I did a solo show opening for Chuck Johnson. I've also been working on some tracks that are more composed but have some room for improvisation, so I'd like to explore that a little bit more, and I actually think that's going to serve to connect Mount Moriah and Horseback. Some of it is folky sounding. Some of it is heavier guitar sounds. Playing so many shows the past couple of years, I just feel the need to have this more improvisational outlet. Those are the shows I enjoy playing the most. They feel very exciting to me still. So to have that as an outlet is increasingly important to me.
How did your relationship with Northern Spy develop?
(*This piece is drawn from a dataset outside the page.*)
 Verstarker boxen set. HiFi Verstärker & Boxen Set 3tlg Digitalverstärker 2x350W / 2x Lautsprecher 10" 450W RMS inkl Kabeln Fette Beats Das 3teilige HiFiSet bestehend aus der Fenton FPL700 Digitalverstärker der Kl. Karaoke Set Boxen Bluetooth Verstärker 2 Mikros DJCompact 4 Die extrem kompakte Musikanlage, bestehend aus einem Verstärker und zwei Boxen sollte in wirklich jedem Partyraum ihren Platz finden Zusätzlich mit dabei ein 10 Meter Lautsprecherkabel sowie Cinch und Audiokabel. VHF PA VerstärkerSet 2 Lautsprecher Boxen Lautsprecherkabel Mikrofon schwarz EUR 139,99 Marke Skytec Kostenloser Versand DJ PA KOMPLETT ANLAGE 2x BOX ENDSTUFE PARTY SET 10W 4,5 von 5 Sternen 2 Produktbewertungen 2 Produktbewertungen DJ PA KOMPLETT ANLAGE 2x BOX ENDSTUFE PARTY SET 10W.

Northern Spy is a new label. They released some Loren Connors stuff, and I really love Loren Connors. And they were also releasing a Rhys Chatham record around the same time that he came and played Hopscotch. Rhys Chatham and Loren Connors are two of my longtime favorites, so I was curious about what the label was doing and I sent them those recordings and they jumped on them. It seems like a good fit for this record.
What's next on the to-do list?
There are some things I can't announce yet, but I am working on a new Horseback record for Three Lobed, and far off in the future there's going to be another Horseback record for Relapse. Both of those will represent departures, to some extent, from the metal identity. In fact, the record I'm working on for Cory (Rayborn, owner of Three Lobed Recordings), I've been working on for a while, and it's partially what inspired me to want to develop a sustainable solo identity and project. It's suggesting a new place to me. It actually doesn't even really sound like a Horseback record, it's a lot more subdued, and it got me really excited about the prospect of doing something a little bit different.